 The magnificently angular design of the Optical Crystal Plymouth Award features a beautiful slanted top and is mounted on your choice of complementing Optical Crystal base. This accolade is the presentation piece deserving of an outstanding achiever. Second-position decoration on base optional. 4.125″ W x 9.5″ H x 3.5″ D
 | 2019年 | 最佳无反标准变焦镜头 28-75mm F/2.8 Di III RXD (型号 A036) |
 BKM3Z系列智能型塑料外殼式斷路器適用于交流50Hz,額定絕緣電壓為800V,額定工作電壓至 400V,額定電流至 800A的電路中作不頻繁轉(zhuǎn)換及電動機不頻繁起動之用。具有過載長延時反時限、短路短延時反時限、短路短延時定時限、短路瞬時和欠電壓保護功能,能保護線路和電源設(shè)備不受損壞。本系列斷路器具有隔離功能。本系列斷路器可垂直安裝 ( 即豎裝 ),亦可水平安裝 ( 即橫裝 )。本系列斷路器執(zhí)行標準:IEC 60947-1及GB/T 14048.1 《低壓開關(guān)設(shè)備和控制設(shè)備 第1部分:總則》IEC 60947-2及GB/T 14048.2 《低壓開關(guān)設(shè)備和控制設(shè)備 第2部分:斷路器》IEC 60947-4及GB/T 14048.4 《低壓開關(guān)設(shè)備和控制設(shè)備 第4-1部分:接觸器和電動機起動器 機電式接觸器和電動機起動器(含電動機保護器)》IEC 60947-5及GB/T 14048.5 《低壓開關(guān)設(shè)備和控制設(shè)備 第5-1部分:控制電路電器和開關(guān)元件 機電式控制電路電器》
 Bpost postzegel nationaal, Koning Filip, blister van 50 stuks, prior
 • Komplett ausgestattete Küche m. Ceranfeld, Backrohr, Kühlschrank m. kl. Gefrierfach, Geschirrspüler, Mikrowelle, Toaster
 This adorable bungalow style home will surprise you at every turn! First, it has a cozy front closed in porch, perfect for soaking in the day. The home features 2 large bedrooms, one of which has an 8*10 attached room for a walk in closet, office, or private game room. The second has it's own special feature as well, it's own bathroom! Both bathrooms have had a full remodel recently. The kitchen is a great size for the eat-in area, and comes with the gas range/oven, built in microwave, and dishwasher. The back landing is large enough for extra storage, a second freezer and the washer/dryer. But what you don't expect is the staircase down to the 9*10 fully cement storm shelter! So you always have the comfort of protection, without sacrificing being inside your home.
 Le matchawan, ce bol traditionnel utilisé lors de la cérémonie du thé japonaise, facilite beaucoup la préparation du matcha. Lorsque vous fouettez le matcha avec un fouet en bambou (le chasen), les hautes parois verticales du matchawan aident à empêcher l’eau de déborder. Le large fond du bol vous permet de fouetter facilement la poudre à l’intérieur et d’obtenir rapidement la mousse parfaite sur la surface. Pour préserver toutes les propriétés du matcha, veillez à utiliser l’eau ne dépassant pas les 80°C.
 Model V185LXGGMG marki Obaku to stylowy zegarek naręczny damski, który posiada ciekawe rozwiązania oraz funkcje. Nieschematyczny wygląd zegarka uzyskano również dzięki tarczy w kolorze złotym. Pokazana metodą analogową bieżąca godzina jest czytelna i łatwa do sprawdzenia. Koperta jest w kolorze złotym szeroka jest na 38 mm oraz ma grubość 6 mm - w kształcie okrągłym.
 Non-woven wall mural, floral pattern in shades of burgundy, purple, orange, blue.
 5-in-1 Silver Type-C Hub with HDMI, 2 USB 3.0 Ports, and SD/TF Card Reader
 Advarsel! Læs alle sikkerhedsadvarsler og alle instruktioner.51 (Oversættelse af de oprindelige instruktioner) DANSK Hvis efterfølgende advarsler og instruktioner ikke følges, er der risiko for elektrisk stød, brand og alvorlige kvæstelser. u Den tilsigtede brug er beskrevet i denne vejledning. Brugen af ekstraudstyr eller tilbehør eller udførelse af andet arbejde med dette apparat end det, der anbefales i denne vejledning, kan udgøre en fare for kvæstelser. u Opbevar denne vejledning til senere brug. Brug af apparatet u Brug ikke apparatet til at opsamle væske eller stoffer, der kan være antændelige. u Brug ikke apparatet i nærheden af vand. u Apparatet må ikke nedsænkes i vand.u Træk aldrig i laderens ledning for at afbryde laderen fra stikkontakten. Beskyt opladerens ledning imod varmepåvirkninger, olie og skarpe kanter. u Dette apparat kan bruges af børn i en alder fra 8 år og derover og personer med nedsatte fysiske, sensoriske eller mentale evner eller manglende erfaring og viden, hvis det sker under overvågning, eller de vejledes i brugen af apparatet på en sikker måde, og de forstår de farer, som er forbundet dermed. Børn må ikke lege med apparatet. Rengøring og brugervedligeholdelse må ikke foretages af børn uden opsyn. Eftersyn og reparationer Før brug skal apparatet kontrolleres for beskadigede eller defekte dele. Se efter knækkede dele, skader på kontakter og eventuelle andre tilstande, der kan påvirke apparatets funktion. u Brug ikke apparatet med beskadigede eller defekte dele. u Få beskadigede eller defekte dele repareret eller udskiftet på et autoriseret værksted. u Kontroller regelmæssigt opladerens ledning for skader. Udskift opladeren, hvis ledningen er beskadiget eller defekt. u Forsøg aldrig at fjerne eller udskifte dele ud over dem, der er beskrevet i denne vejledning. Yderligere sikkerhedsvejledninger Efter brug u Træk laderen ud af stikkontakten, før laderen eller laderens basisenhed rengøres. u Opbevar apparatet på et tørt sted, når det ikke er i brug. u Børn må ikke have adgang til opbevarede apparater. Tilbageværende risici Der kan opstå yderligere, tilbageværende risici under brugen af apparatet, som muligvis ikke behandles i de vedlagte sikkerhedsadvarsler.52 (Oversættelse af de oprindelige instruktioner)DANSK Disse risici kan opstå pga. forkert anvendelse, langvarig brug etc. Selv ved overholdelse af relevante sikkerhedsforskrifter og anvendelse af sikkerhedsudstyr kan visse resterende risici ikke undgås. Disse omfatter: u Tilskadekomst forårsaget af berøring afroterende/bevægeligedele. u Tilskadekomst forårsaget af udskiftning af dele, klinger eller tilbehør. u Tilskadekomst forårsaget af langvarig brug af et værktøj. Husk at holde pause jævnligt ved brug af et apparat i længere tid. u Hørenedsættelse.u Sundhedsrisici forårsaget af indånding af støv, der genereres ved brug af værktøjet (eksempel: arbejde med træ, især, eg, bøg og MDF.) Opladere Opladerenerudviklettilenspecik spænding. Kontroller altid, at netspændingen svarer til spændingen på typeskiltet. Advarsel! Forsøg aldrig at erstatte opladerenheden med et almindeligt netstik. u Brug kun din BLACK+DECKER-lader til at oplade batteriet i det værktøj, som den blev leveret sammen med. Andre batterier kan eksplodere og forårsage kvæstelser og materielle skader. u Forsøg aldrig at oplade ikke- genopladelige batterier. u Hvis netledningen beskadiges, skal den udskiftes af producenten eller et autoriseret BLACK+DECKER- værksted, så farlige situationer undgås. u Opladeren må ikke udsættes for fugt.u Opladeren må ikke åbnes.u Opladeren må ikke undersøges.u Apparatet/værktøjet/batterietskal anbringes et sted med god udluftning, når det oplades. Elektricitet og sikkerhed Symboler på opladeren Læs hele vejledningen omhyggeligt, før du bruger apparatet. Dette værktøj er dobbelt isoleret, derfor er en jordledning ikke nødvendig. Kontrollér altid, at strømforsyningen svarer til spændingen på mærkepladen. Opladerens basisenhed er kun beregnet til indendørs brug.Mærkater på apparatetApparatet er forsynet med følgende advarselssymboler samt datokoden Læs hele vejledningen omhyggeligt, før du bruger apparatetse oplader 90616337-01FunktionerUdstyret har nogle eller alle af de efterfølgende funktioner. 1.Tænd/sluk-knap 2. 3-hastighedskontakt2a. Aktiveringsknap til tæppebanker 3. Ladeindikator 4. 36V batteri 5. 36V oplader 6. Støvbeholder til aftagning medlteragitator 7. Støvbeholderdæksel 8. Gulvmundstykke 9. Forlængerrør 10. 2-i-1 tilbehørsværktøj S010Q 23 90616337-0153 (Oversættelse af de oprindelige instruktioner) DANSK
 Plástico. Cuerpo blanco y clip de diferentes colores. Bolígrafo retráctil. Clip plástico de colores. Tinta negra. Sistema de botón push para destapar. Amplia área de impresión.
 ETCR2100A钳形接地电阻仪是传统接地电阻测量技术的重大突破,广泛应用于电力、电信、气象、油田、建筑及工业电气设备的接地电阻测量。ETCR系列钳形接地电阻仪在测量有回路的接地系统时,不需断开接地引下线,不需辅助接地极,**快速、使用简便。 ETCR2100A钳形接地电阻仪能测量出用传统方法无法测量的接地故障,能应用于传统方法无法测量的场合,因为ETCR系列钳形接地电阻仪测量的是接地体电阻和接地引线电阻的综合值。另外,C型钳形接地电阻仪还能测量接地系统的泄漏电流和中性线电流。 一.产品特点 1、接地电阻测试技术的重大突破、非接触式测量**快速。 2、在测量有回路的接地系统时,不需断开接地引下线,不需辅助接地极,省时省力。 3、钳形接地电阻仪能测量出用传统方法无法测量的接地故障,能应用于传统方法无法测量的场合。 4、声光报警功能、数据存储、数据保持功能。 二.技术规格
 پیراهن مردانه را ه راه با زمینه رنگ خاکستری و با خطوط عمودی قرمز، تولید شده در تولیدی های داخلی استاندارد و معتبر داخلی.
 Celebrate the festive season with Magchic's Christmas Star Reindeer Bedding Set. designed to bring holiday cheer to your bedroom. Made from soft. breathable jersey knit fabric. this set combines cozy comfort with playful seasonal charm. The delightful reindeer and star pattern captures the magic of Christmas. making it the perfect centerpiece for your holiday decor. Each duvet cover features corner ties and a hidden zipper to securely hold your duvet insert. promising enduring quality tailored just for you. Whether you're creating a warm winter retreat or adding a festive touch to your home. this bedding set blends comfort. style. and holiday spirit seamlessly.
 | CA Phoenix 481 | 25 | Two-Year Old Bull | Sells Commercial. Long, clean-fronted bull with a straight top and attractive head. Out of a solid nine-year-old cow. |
· · ·
◆ Work order
Begin at the top of the listing above and set down each line exactly. Stop after the line that contains "Geschirrspüler, Mikrowelle, Toaster".

◆ Written solution
 The magnificently angular design of the Optical Crystal Plymouth Award features a beautiful slanted top and is mounted on your choice of complementing Optical Crystal base. This accolade is the presentation piece deserving of an outstanding achiever. Second-position decoration on base optional. 4.125″ W x 9.5″ H x 3.5″ D
 | 2019年 | 最佳无反标准变焦镜头 28-75mm F/2.8 Di III RXD (型号 A036) |
 BKM3Z系列智能型塑料外殼式斷路器適用于交流50Hz,額定絕緣電壓為800V,額定工作電壓至 400V,額定電流至 800A的電路中作不頻繁轉(zhuǎn)換及電動機不頻繁起動之用。具有過載長延時反時限、短路短延時反時限、短路短延時定時限、短路瞬時和欠電壓保護功能,能保護線路和電源設(shè)備不受損壞。本系列斷路器具有隔離功能。本系列斷路器可垂直安裝 ( 即豎裝 ),亦可水平安裝 ( 即橫裝 )。本系列斷路器執(zhí)行標準:IEC 60947-1及GB/T 14048.1 《低壓開關(guān)設(shè)備和控制設(shè)備 第1部分:總則》IEC 60947-2及GB/T 14048.2 《低壓開關(guān)設(shè)備和控制設(shè)備 第2部分:斷路器》IEC 60947-4及GB/T 14048.4 《低壓開關(guān)設(shè)備和控制設(shè)備 第4-1部分:接觸器和電動機起動器 機電式接觸器和電動機起動器(含電動機保護器)》IEC 60947-5及GB/T 14048.5 《低壓開關(guān)設(shè)備和控制設(shè)備 第5-1部分:控制電路電器和開關(guān)元件 機電式控制電路電器》
 Bpost postzegel nationaal, Koning Filip, blister van 50 stuks, prior
 • Komplett ausgestattete Küche m. Ceranfeld, Backrohr, Kühlschrank m. kl. Gefrierfach, Geschirrspüler, Mikrowelle, Toaster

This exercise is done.